Is it possible to use group_by to group one variable and count the target variable based on another variable? For example,
x1 | x2 | x3 |
---|---|---|
A | 1 | 0 |
B | 2 | 1 |
C | 3 | 0 |
B | 1 | 1 |
A | 1 | 1 |
I want to count 0 and 1 of x3 with grouped x1
x1 | x3=0 | x3=1 |
---|---|---|
A | 1 | 1 |
B | 0 | 2 |
C | 1 | 0 |
Is it possible to use group_by and add something to summarize? I tried group_by both x1 and x3, but that gives x3 as the second column which is not what we are looking for.

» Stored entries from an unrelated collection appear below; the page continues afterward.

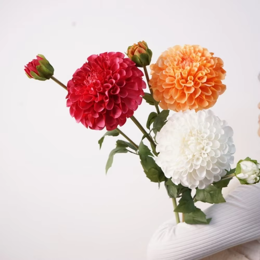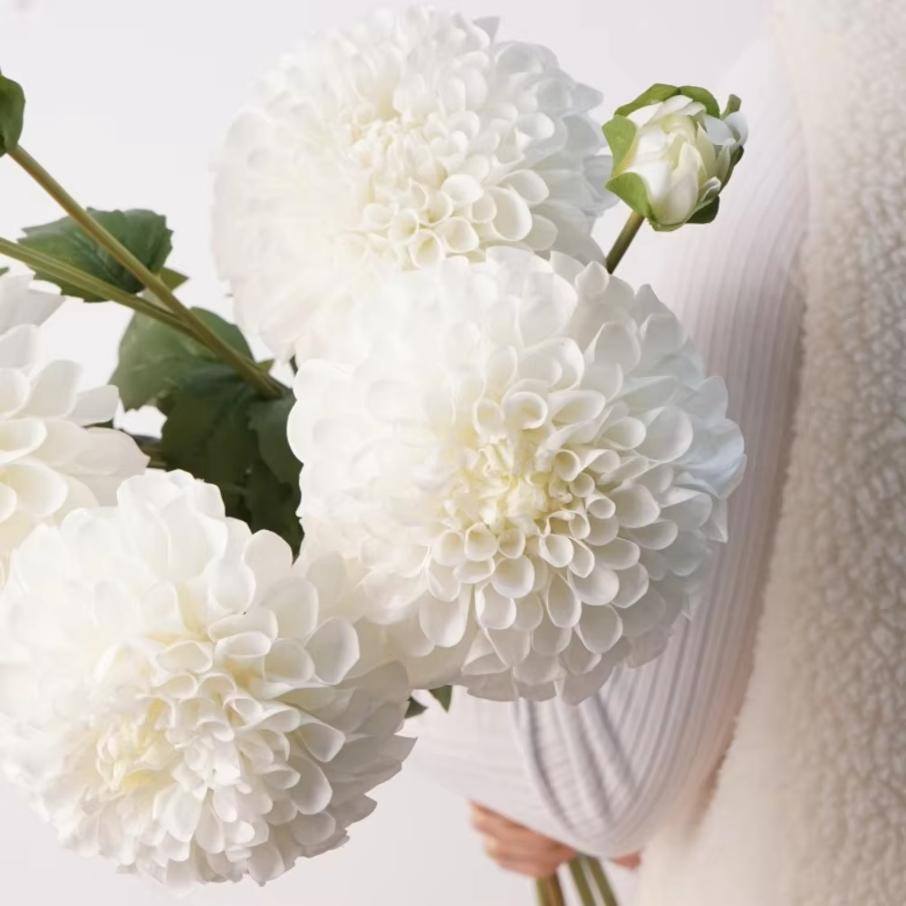 Artificial dahlia real touch Artificial White 2 Heads Dahlia Flowers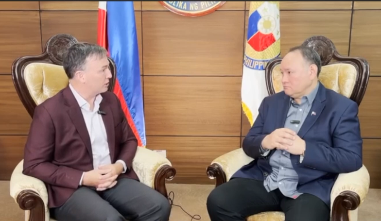 雷蒙德·鲍威尔(左)与菲律宾国防部长吉尔伯特·特奥多罗进行访谈。(来源:“海光计划”网站视频截图)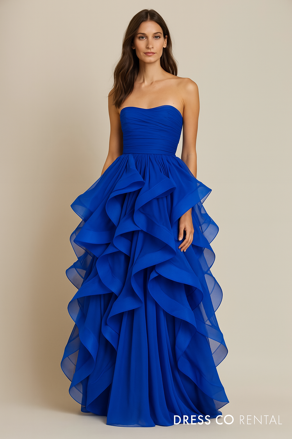 A strapless, high-low blue evening gown decorated with extravagant layers of ruffles, adding a striking touch to the wearer from every angle.

If it's not possible to just use group_by, I was thinking we could group_by both x1 and x3, then split by x3 and cbind them, but the two dataframes after split have different lengths of rows, and there's no cbind_fill. What should I do to cbind them and fill the extra blanks?

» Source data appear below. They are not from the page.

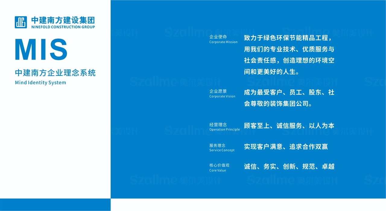 原有的公司视觉形象不系统,在对内对外宣传物料设计中没有品牌调性,企业文化展示比较弱,项目地缺乏统一的视觉管理,因此与奥尔美的强力合作,打造CIS品牌新形象, 同时要为中建南方做系统的CI应用培训,严格规范VI系统的使用。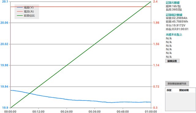 ▼USB-C2單獨使用下固定檔20V輸出負載測試,隨著電流增加,輸出電壓下降,輸出電流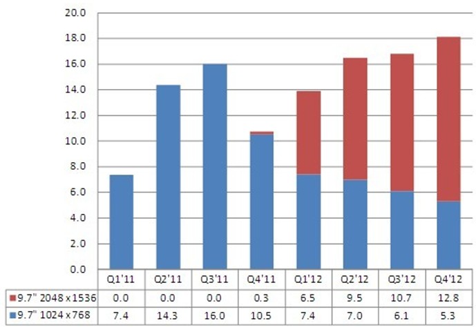 • 2012年,9.7寸iPad 面板出貨預(yù)計(jì)將可達(dá)6千5百萬片以上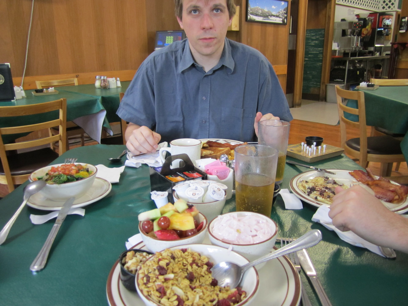 De bbq smaakt wel na het middageten van vandaag: twas doritos met cheddar-dipsaus, beetje Frosties en nen ‘powerbar’ met bosvruchten. Twas al dat we bijhadden in de koffer en eten verkochten ze nergens in de buurt. Ma kzal anders beginnen bij het begin van de dag. Dus, ontbijt. Ja, ontbijt. Da was in een kot dat hoorde bij onze slaapplaats. Voor net geen 40 flappen hadden we daar toch nog een redelijk deftig ontbijt (zie foto). Kheb zelfs een deel van mijn Granola aan Pieter gegeven wegens te veel. Zo was die ook direct content.

CodePudding user response:
using the data.table package:
library(data.table)
dat <- as.data.table(dataset)
dat[, x3:= paste0("x3=", x3)]
result <- dcast(dat, x1~x3, value.var = "x3", fun.aggregate = length)

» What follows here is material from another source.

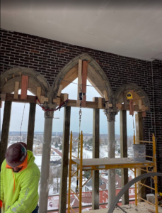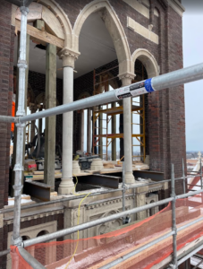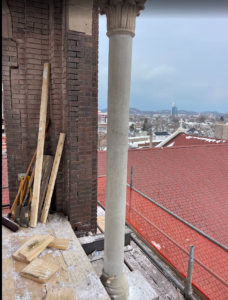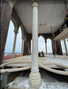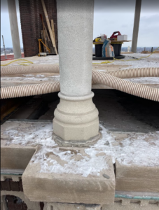 The pictures below show the old columns in their deteriorated state and the new fabricated columns ready to be installed. Also shown, the completed brick and mortar work at the upper most section of the towers.

CodePudding user response:
A tidyverse
approach to achieve your desired result using dplyr::count
tidyr::pivot_wider
:
library(dplyr)
library(tidyr)
df %>%
count(x1, x3) %>%
pivot_wider(names_from = "x3", values_from = "n", names_prefix = "x3=", values_fill = 0)
#> # A tibble: 3 × 3
#> x1 `x3=0` `x3=1`
#> <chr> <int> <int>
#> 1 A 1 1
#> 2 B 0 2
#> 3 C 1 0
DATA
df <- data.frame(
x1 = c("A", "B", "C", "B", "A"),
x2 = c(1L, 2L, 3L, 1L, 1L),
x3 = c(0L, 1L, 0L, 1L, 1L)
)
CodePudding user response:
Yes, it is possible. Here is an example:
dat = read.table(text = "x1 x2 x3
A 1 0
B 2 1
C 3 0
B 1 1
A 1 1", header = TRUE)
dat %>% group_by(x1) %>%
count(x3) %>%
pivot_wider(names_from = x3,
names_glue = "x3 = {x3}",
values_from = n) %>%
replace(is.na(.),0)
# A tibble: 3 x 3
# Groups: x1 [3]
# x1 `x3 = 0` `x3 = 1`
# <chr> <int> <int>
#1 A 1 1
#2 B 0 2
#3 C 1 0